### DATA EXTRACTS

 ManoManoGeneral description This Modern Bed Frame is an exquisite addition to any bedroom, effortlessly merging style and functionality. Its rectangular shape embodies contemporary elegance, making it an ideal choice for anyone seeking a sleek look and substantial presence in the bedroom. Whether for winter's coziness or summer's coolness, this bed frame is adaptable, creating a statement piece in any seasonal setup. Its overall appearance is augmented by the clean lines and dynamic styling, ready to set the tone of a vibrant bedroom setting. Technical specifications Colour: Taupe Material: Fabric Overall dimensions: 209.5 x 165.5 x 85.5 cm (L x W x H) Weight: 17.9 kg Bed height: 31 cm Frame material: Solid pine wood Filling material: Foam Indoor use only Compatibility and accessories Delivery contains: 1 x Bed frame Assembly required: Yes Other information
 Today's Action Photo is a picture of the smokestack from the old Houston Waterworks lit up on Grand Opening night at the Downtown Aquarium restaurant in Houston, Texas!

######
### DATA EXTRACTS

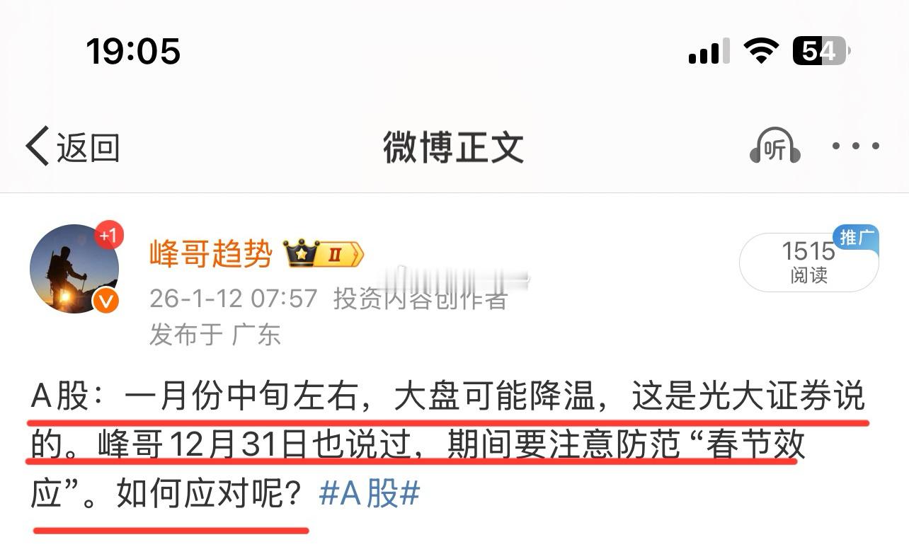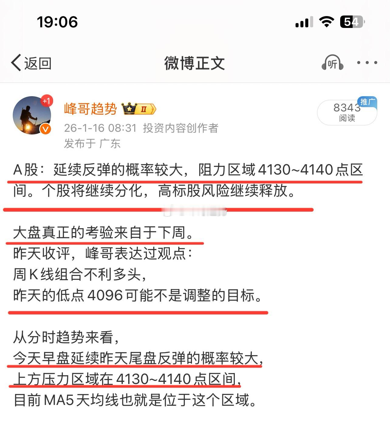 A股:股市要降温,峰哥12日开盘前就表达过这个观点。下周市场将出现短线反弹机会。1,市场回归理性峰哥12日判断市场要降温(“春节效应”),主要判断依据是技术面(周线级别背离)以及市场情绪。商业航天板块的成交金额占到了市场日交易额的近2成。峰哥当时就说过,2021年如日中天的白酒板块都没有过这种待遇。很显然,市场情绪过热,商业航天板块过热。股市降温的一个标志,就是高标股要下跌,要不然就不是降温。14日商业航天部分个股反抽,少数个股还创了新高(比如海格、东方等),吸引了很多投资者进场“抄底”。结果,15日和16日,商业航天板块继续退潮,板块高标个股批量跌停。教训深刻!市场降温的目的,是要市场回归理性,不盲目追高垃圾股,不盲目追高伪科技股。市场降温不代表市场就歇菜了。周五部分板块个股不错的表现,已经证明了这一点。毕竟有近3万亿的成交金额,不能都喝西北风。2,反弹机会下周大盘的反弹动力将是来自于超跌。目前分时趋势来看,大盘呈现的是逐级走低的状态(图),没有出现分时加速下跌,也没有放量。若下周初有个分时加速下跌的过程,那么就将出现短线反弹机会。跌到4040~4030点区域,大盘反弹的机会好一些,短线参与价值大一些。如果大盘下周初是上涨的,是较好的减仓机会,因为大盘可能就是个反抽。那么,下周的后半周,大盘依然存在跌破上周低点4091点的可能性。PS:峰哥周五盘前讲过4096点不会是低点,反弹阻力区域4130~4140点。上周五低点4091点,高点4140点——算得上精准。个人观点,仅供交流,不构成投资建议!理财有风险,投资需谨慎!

######
### DATA EXTRACTS

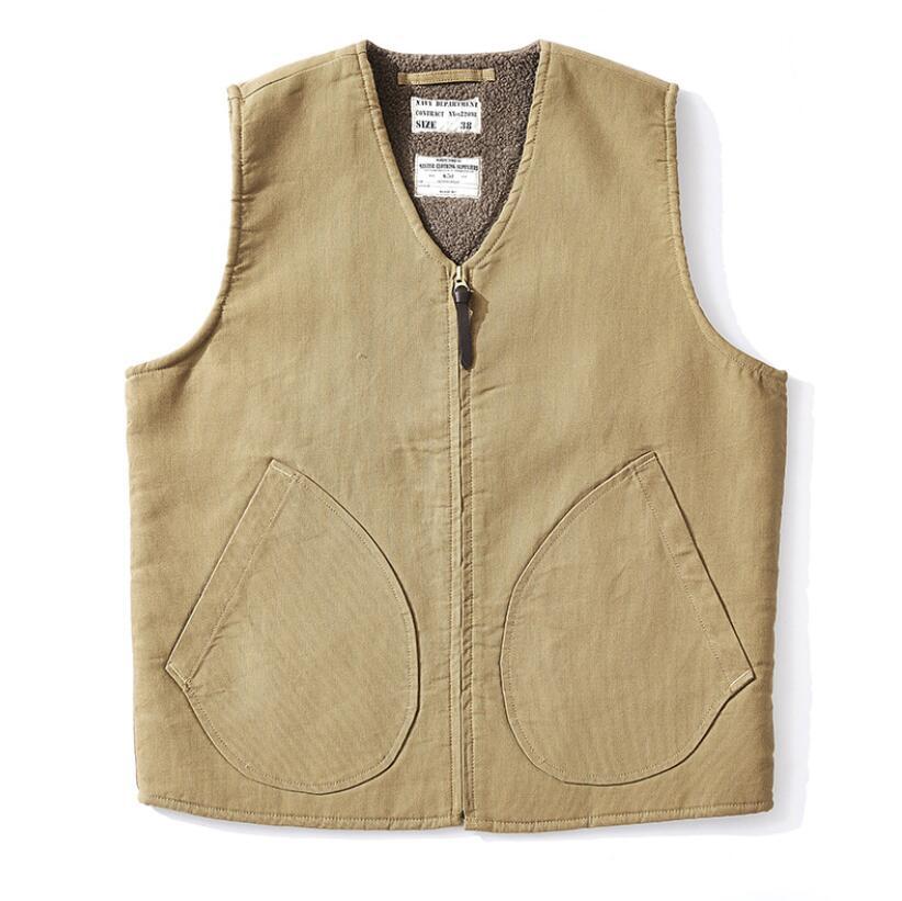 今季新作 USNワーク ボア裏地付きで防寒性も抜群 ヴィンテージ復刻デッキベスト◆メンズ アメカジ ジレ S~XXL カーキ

######

Working from the data above, extract solely the lines from the one containing "ManoManoGeneral description This" through the one containing "Today's Action Photo", exactly as they appear, both included.

 ManoManoGeneral description This Modern Bed Frame is an exquisite addition to any bedroom, effortlessly merging style and functionality. Its rectangular shape embodies contemporary elegance, making it an ideal choice for anyone seeking a sleek look and substantial presence in the bedroom. Whether for winter's coziness or summer's coolness, this bed frame is adaptable, creating a statement piece in any seasonal setup. Its overall appearance is augmented by the clean lines and dynamic styling, ready to set the tone of a vibrant bedroom setting. Technical specifications Colour: Taupe Material: Fabric Overall dimensions: 209.5 x 165.5 x 85.5 cm (L x W x H) Weight: 17.9 kg Bed height: 31 cm Frame material: Solid pine wood Filling material: Foam Indoor use only Compatibility and accessories Delivery contains: 1 x Bed frame Assembly required: Yes Other information
 Today's Action Photo is a picture of the smokestack from the old Houston Waterworks lit up on Grand Opening night at the Downtown Aquarium restaurant in Houston, Texas!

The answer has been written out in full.